SAIL currently hosts billions of data points about approximately four million residents of Wales (Jones et al., 2014) and supports researchers distributed all over the globe, yet its large-scale operations had a humble beginning. In 2006 a grant funded by the Wales Office for Research and Development (now Health and Care Research Wales – see below) supported the creation of HIRU, with the aim of developing systematic approaches to foster the re-use of data. System development activity quickly ensued, to eventually roll out a pilot after nine months. The pilot system aggregated data from the neighbouring area of Swansea, a catchment of almost 300,000 people, and included the data from all local general practitioners, the hospital, government social services departments and NHS Wales Informatics Services (NWIS), the latter holding national-scale data. By 2007, the system acquired its current name and was re-oriented towards becoming a national (Welsh) scale research infrastructure (Ford et al., 2009; Lyons et al., 2009). The management worked to bring in more datasets from GP practices, hospitals and registries all over Wales; to date, the staff estimates it holds 70–80% of GP practice data across the region. The scale of SAIL is significant, with almost £4 million core funding from Health and Care Research Wales7 allocated to the resource since its formal establishment in 2007, and over fifteen members of staff directly employed for the infrastructure, as well as many collaborators employed by Swansea University Medical School.

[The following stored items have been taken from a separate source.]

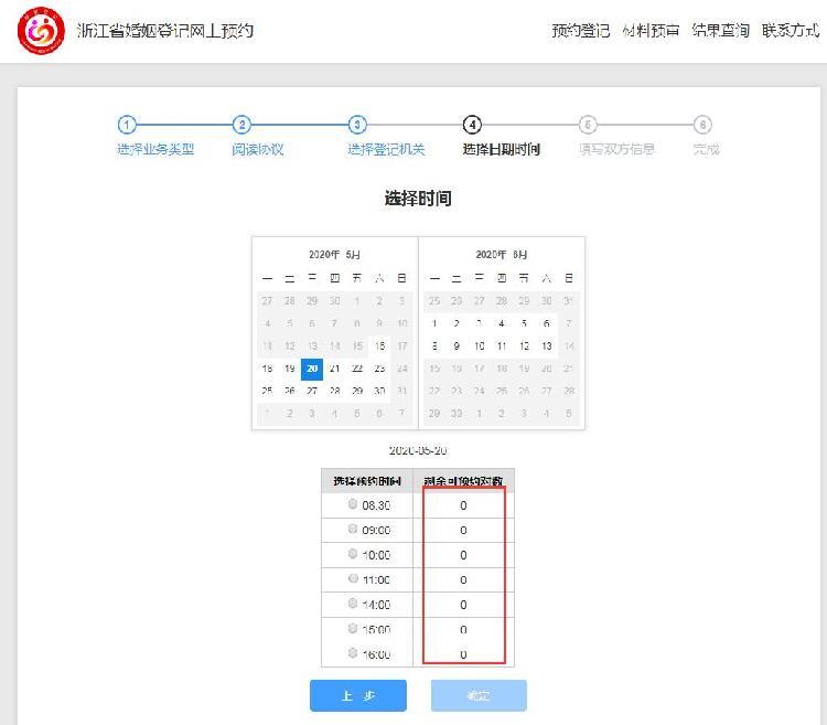 杭州“520”婚姻登记预约已满。来源:浙江省婚姻登记网上预约系统
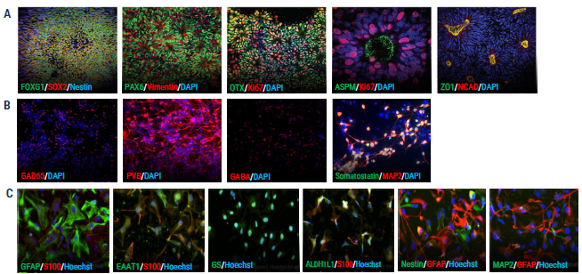 Figure 1. ICC shows expression of key markers for axoCells cortical excitatory neurons (CENs), cortical inhibitory interneurons (CINs) and astrocytes. (A) axoCells iPSC-derived neural stem cells (NSCs, ax0015) show expression of all standard NSC markers: FOXG1, SOX2, PAX6, Vimentin, OTX, Ki67, ZO1 and NCAD. (B) In contrast, axoCells CINs (DIV20, ax0667) express the key markers GAD65, Parvalbumin (PVB), Beta, Somatastatin and MAP2. (C) axoCells iPSCderived astrocytes (ax0665) express key astrocyte-specific markers (GFAP and S100B) and astrocyte-associated markers, EAAT1, Glutamine Synthetase (GS) and ALDH1L1, while showing very low levels of neuronal progenitor markers Nestin and MAP2. Image Credit: Axol Bioscience Ltd
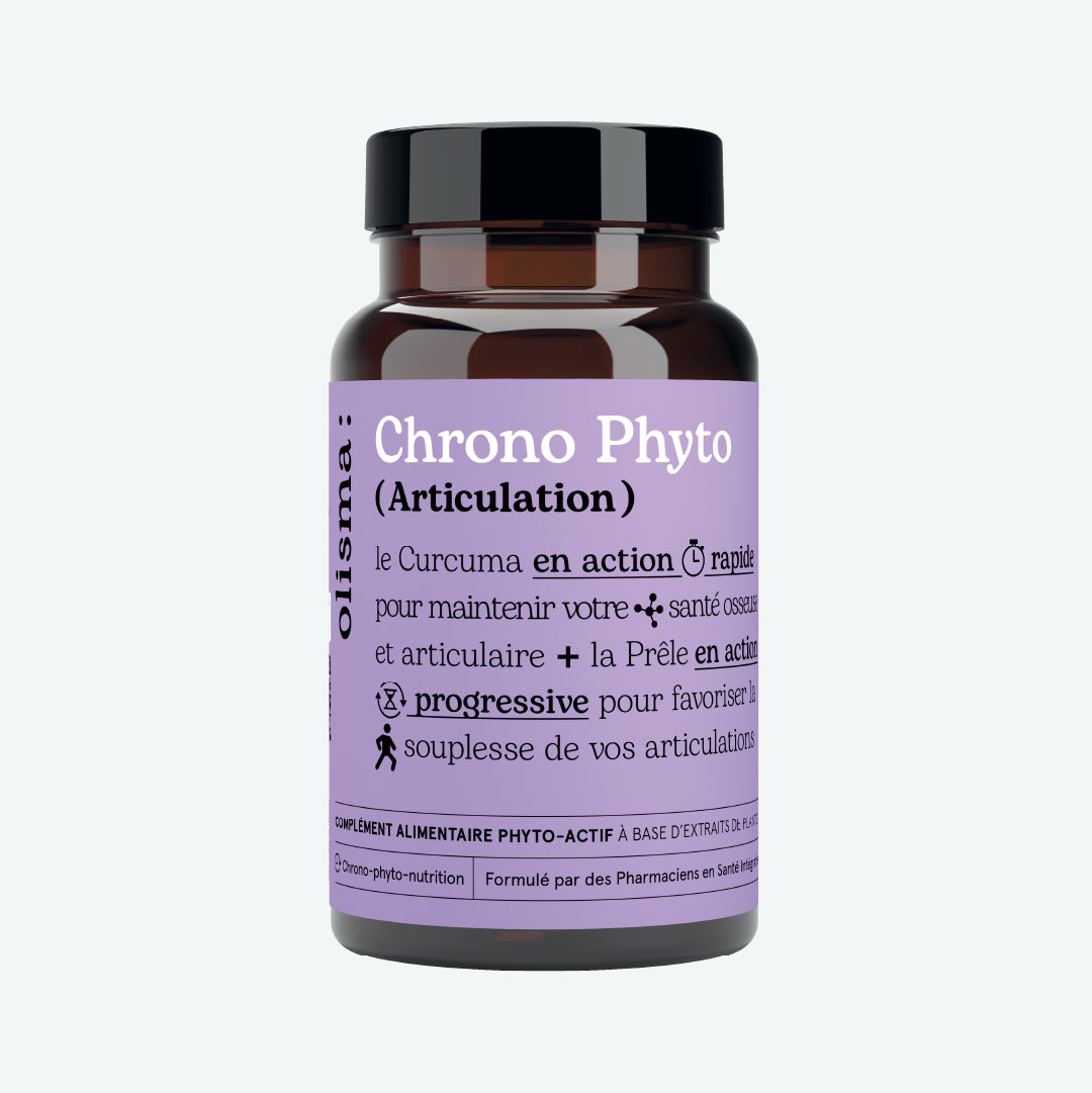 Étape 1 : Olisma Articulation. Grâce à l’innovation Chrono Phyto, ce complément associe le Curcuma, en action rapide pour maintenir la santé osseuse et articulaire, et la Prêle, en action progressive pour soutenir la souplesse des articulations. Une synergie unique pour un confort articulaire durable.

To further increase the scale of the system, and multiply the number and kinds of data providers, was a complex task. Given the amount of sensitive information about every resident of Wales that such a scientific enterprise aims to hold, the SAIL infrastructure needed to robustly address concerns on privacy and the potential harm that misuse or misinterpretation of the data can generate. A considerable and, for research purposes, very important proportion of the data handled by SAIL is collected from individual GP practices, where practitioners are invested with the duty of protecting patient records. SAIL management thus had to address a diverse range of sensitive confidentiality concerns held by each and every data provider. This made management realize that in order to enable data sharing and research, SAIL needed first and foremost to develop technological and organizational processes to source and manage data in ways that are widely recognized to be reliable and trustworthy. Indeed, when discussing their role in acquiring externally produced data and overseeing their use by researchers, SAIL infrastructure managers describe their duties as data ‘custodian’ and ‘guardian’, with responsibilities to guarantee the security of the research environment and maintaining the trust that allows them to keep sourcing data, attract researchers, and dispel risk of misuse.

These were the guiding principles on which basis SAIL managers envisaged a set of complex solutions that facilitated centralized access to the datasets in their possession for the purposes of research use. Concentrating such (unprecedented) amounts of information about an individual is a high-risk proposition, and laws and regulations abound to prevent the use of data to harm individuals. SAIL infrastructure has developed over the years to dissipate and control for the risk of data breaches and misuse, scaffolding a number of technical and procedural solutions over several tiers in order to reduce the risk related to the activities of SAIL staff, collaborating researchers and other external actors.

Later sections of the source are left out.